* _Your instructions_
In the material below, find the span from the line with "10K Yellow Gold" to the line with "A fun pattern" and transcribe only those lines, exactly, ends included, without the pictures.

* _Records for this exercise_
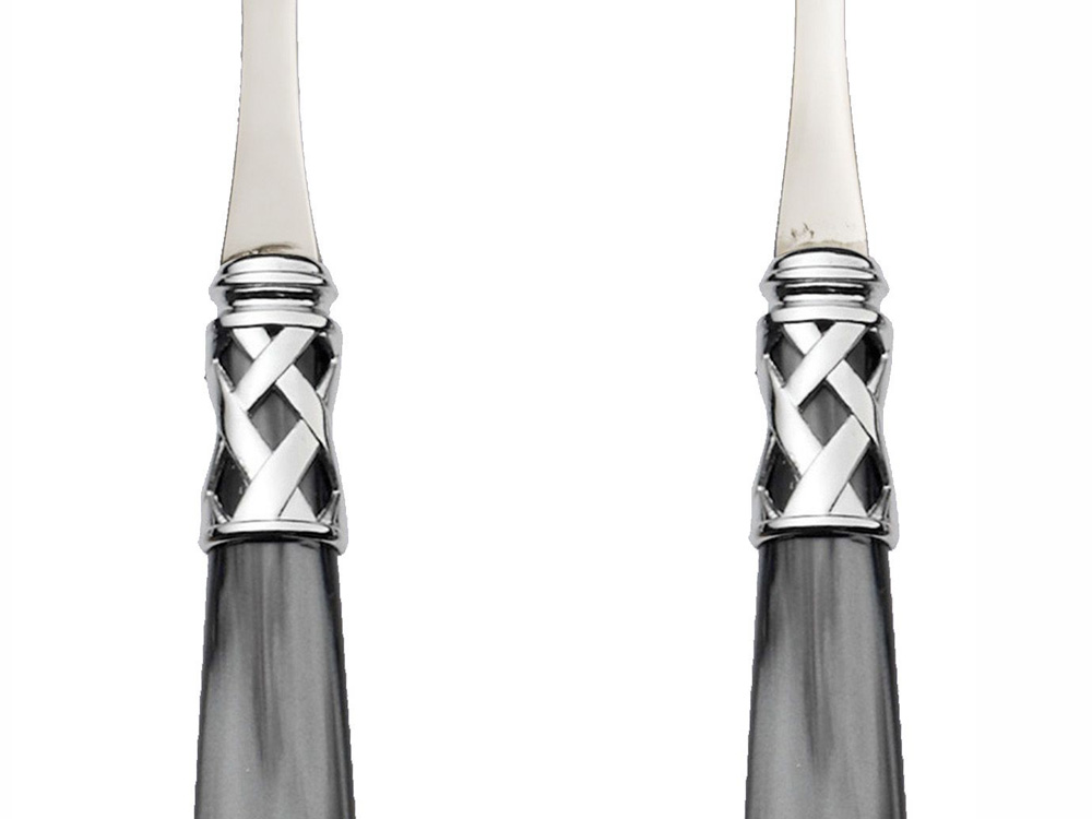 Sztućce wykonane z wysokiej jakości stali nierdzewnej z akrylowymi trzonkami w kolorze perłowej czerni.
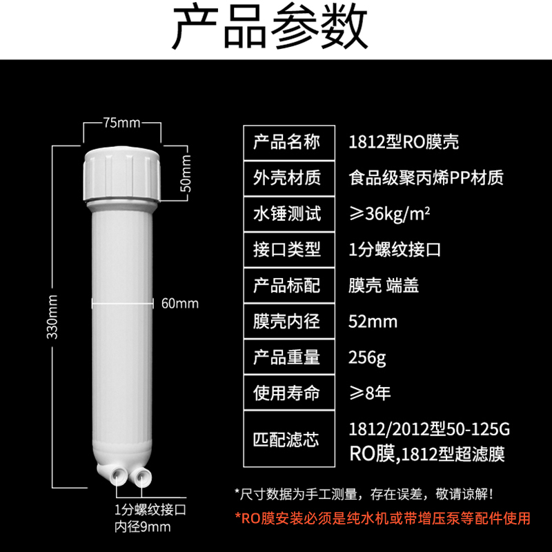 汇通反渗透RO膜丰达膜壳1812-75/100G超滤过滤壳纯水机净水器配件
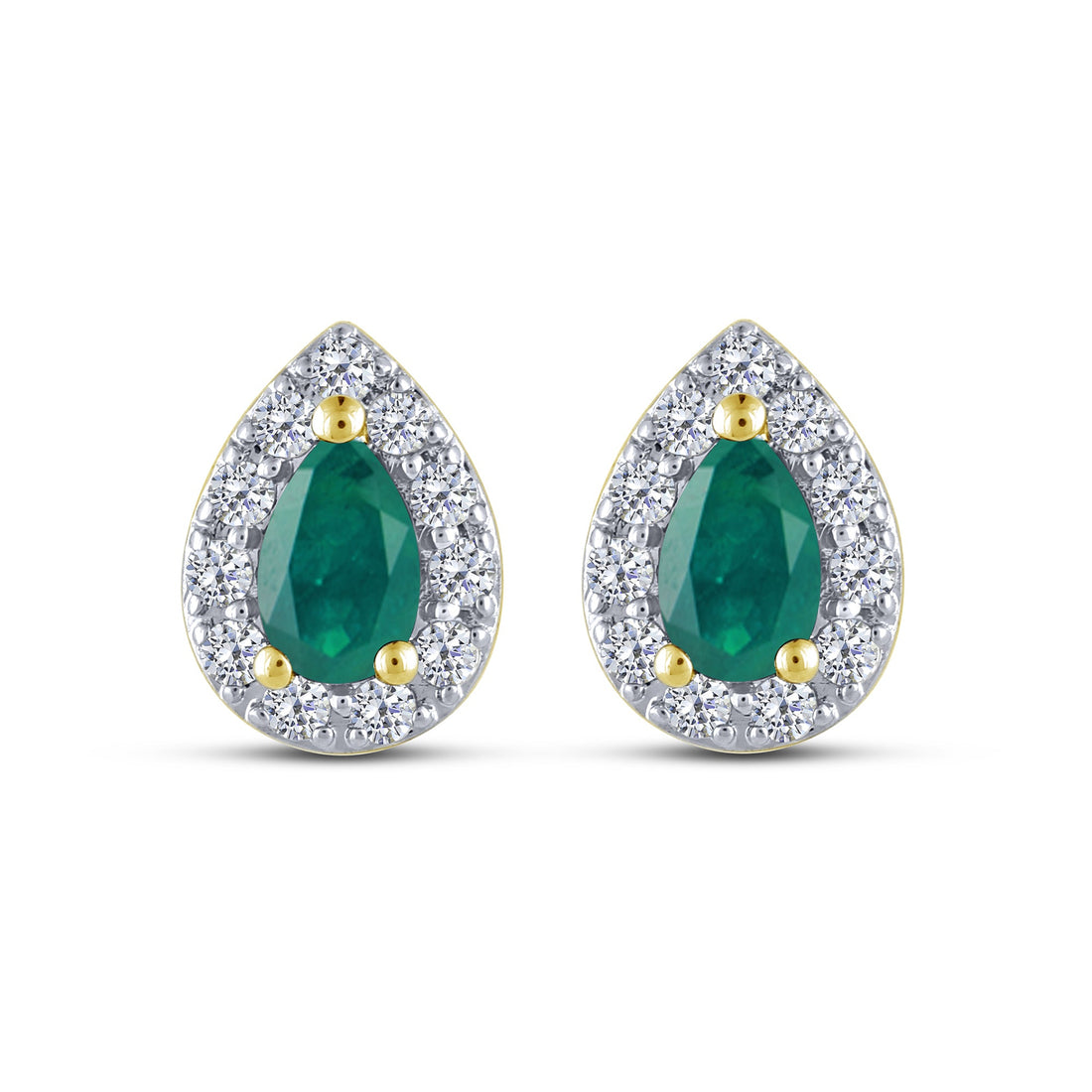 10K Yellow Gold Pear Shaped Green Emerald Earring
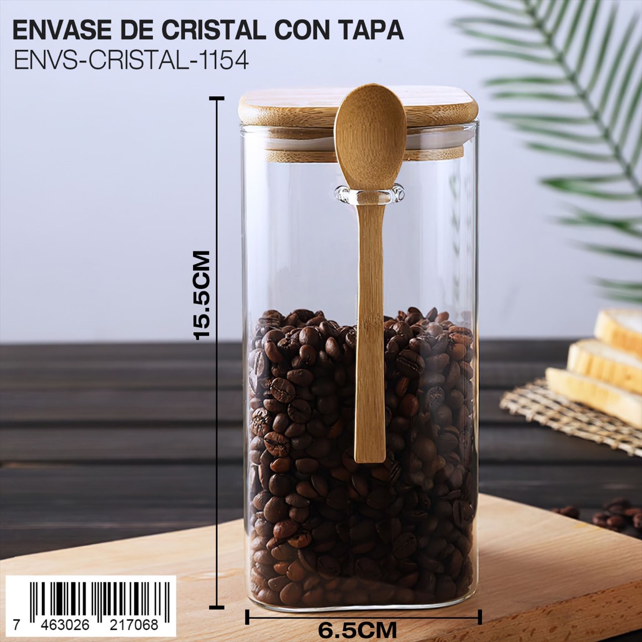 Tarro de vidrio hermético, Ideal para almacenar alimentos secos, líquidos o preparaciones, manteniendo la frescura y visibilidad de su contenido.
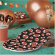 A fun pattern of classic brown footballs on customisable paper party plates. This design has different sized footballs randomly arranged on a custom black background colour. Choose your favourite background colour and you can adjust the size of the pattern to make this partyware perfect for you. Great for any football fan!
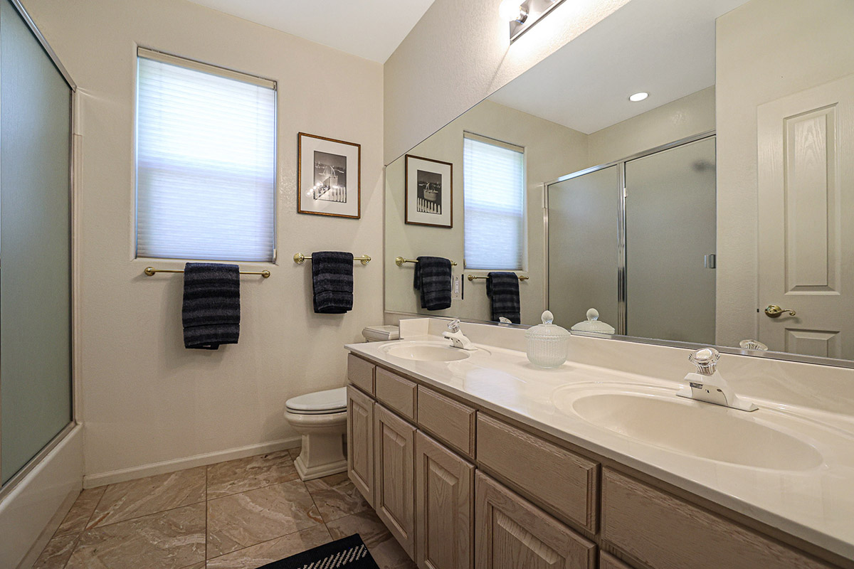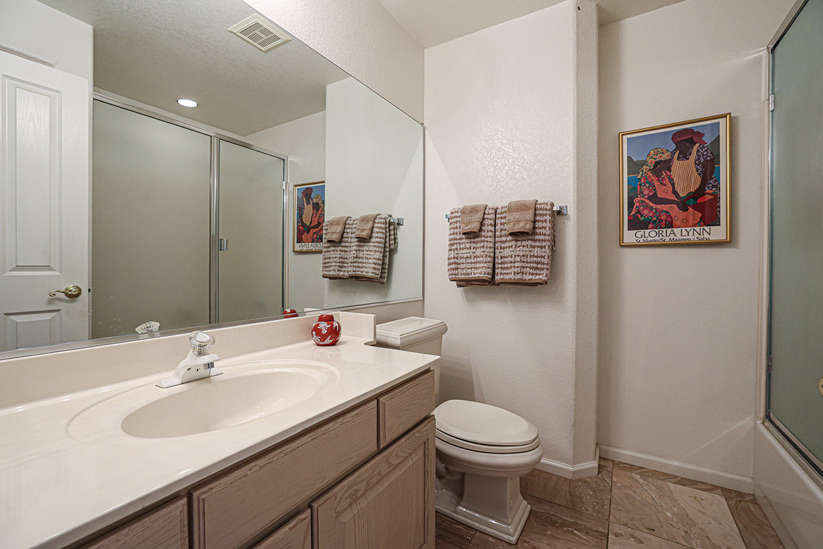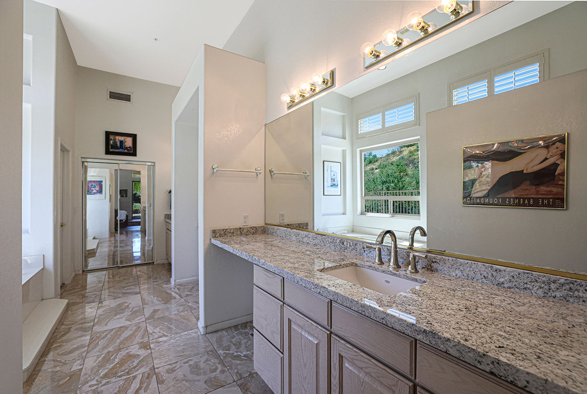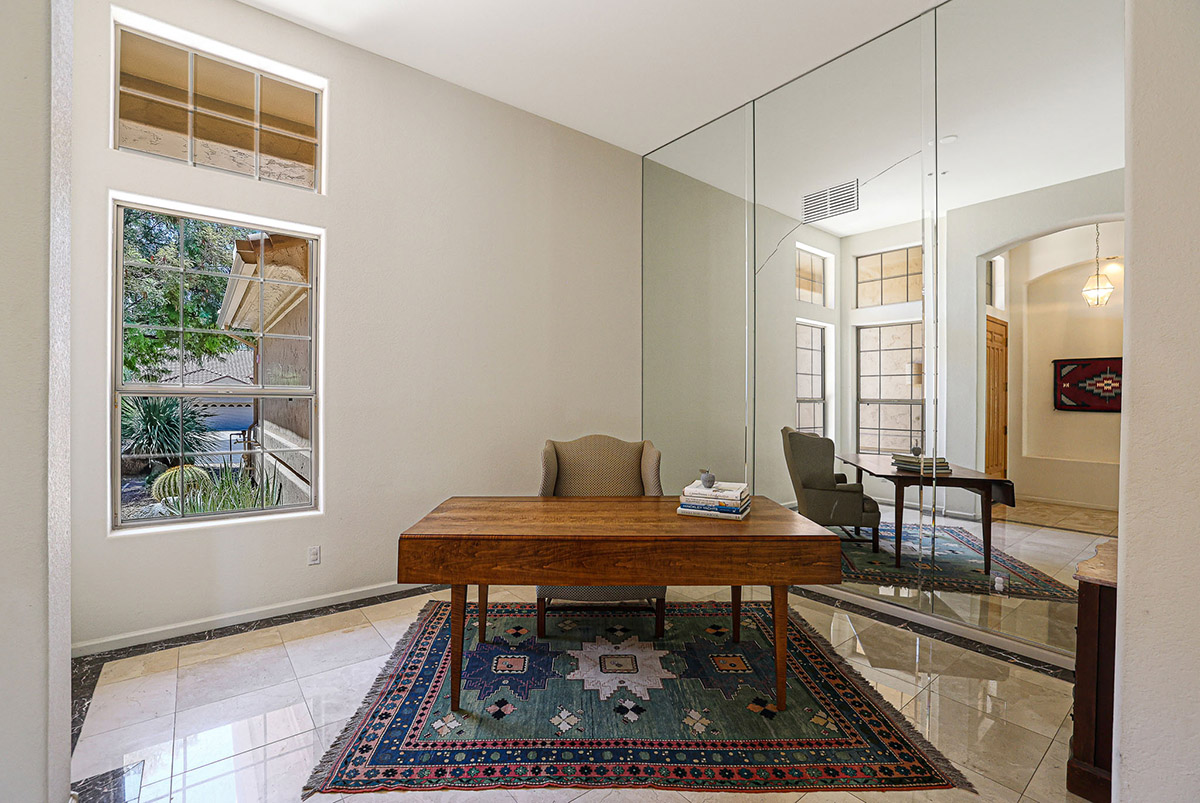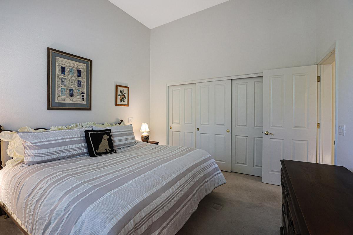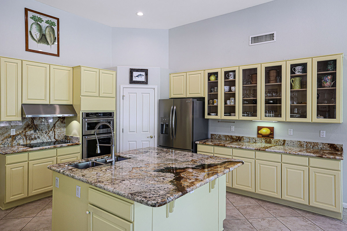 Inside the home you will find a single level, no steps floor plan with 3,174 square feet of split living space. On one wing of the home is the large master bedroom with exterior access and a master bath with dual vanities, separate shower and tub, and a walk-in closet. Down a separate hall on the same wing is a guest bedroom (currently used as an office with built-in desk and bookshelves) with access to the adjacent hall bathroom. Two additional guest rooms and another hall bath are on the opposite wing.

* _Solution to the problem_
 10K Yellow Gold Pear Shaped Green Emerald Earring
 Tarro de vidrio hermético, Ideal para almacenar alimentos secos, líquidos o preparaciones, manteniendo la frescura y visibilidad de su contenido.
 A fun pattern of classic brown footballs on customisable paper party plates. This design has different sized footballs randomly arranged on a custom black background colour. Choose your favourite background colour and you can adjust the size of the pattern to make this partyware perfect for you. Great for any football fan!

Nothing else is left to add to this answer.